A los hombres del Batallón Azov, importante pilar en lo militar pero un cero a la izquierda en el campo político, se les puede ver por todos sitios en Ucrania. Están bajo el paraguas de la Guardia Nacional tanto en el frente de Mariupol, la ciudad que más daño está sufriendo en la guerra, como integrados en el Ejército en Bucha o Borodianka, las localidades de la periferia de Kiev donde la retirada rusa ha destapado la muerte de cientos de civiles que no participaban en la contienda. Están muy activos desde la primera línea de combate hasta la retaguardia de voluntarios o en simples controles de carretera. No se esconden y van identificados con distintivos en sus uniformes y camisetas, aunque ninguno de ellos afirma abiertamente profesar la ideología nazi.
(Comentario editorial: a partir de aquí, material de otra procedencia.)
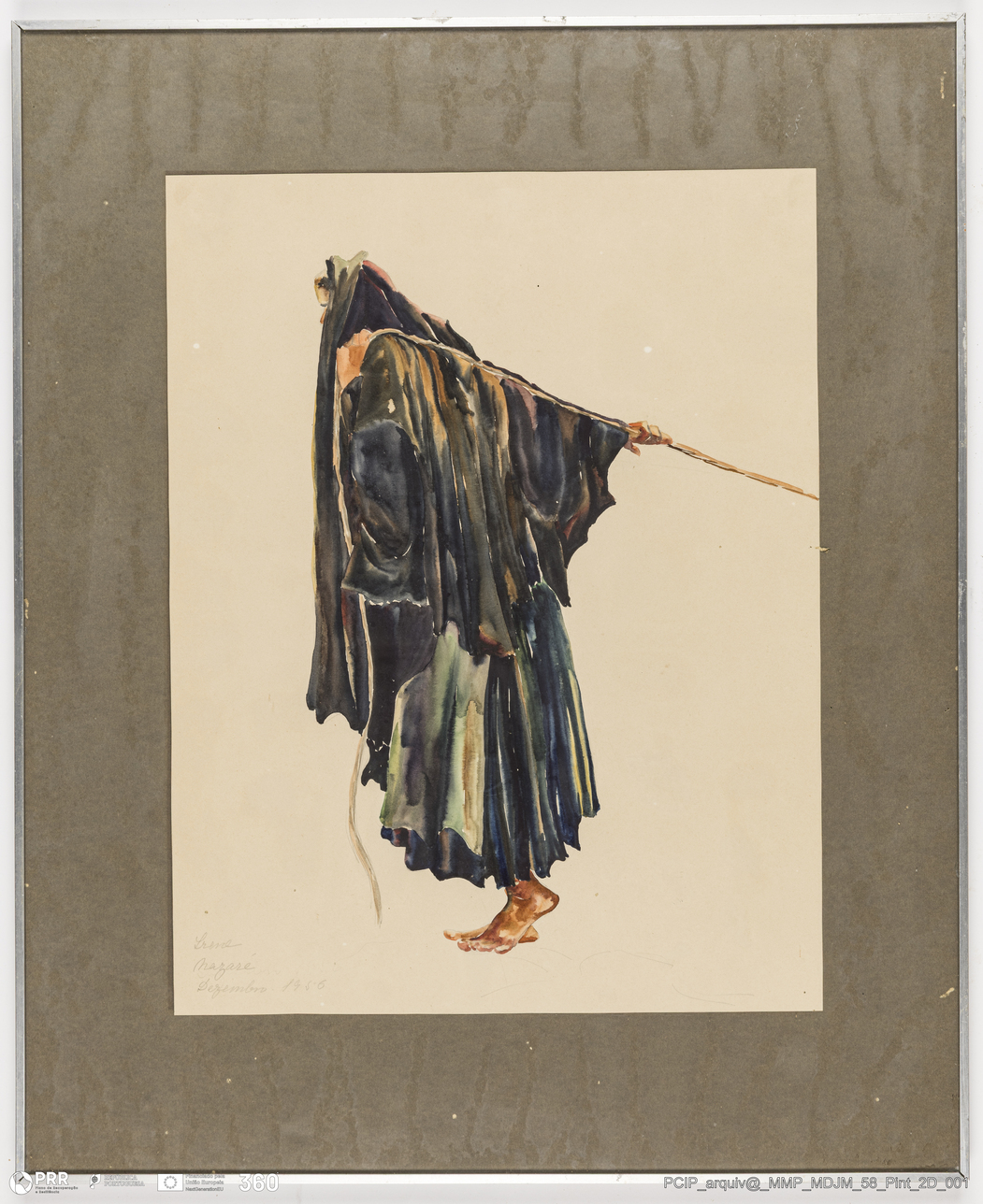 Matéria/Técnica: Aguarela sobre papel; Cronologia: 1956; Autoria: Irene Sá Vieira Natividade; Dimensões: Altura: 40 cm x Largura: 30 cm.

Esta es la principal acusación que se lanza contra este grupo ultranacionalista, que en el campo de batalla se ha convertido en un verdadero dolor de cabeza para el presidente ruso, Vladímir Putin, en su intento de someter a la exrepública soviética.
La polémica rodea a este movimiento desde que nació en 2014 integrado por un importante número de militantes nazis y voluntarios de extrema derecha y apoyado sobre la tensión que envolvía a Ucrania entre el influjo de la Unión Europea y el de Moscú. Lo hizo para hacer frente al levantamiento de separatistas prorrusos en Donbás, en el este de Ucrania, espoleados desde el Kremlin. Su fama de movimiento aguerrido y bien preparado para combatir en el frente se empezó a agrandar —y no ha parado— cuando, ese mismo año, frenó la caída de Mariupol en manos de prorrusos y eso llevó a sus militantes a acabar formando parte de la Guardia Nacional de Ucrania. Su fundador, Andrei Biletski, es un ultranacionalista y exparlamentario de extrema derecha cuyo entorno no escapa a la polémica ni dentro ni fuera de Ucrania por ataques a la comunidad gitana o a los que no comulgan con sus ideas.
Hoy, ocho años después, Maxim Zhorin, uno de los hombres que sentaron las bases del Batallón Azov desde el principio junto a Biletski, rechaza la idea de que sean un movimiento nazi. Ambos se conocieron durante la revolución del Maidán en Kiev en 2014. “Cuando los rusos públicamente proclaman que quieren desnazificar Ucrania, principalmente se refieren a Azov, pero han conseguido el resultado contrario, y ahora Azov se ha extendido por todo el país, incluido Kiev”, afirma Zhorin, vestido de verde cacería, tocado por un sombrero y, aunque locuaz, poco amigo de sonreír. “En los últimos ocho años Putin ha invertido muchísimo dinero y recursos para crear en el mundo este mito del Azov demoníaco”, pero “en Ucrania no hay nadie a quien desnazificar” y “Putin necesita esta historia para poder justificar sus acciones”.
Serguéi Movchan, militante anarquista y estudioso de los movimientos de extrema derecha en Ucrania, coincide en esencia con el análisis que hace Zhorin. Pese a que ambos se hallan en las antípodas en lo ideológico, en sendas entrevistas con EL PAÍS, los dos señalan un único enemigo en la actualidad, Rusia, que mantiene a todos los ucranios en el mismo bando. La guerra ha servido para neutralizar las críticas contra el presidente, Volodímir Zelenski, un judío puesto en duda por unos y otros hasta que Putin pisó el acelerador de la invasión el pasado 24 de febrero. Desde esa fecha, las diferencias políticas se han congelado en Ucrania de puertas adentro. “Te guste o no te guste”, no es el momento de poner en duda al presidente, reconoce Zhorin.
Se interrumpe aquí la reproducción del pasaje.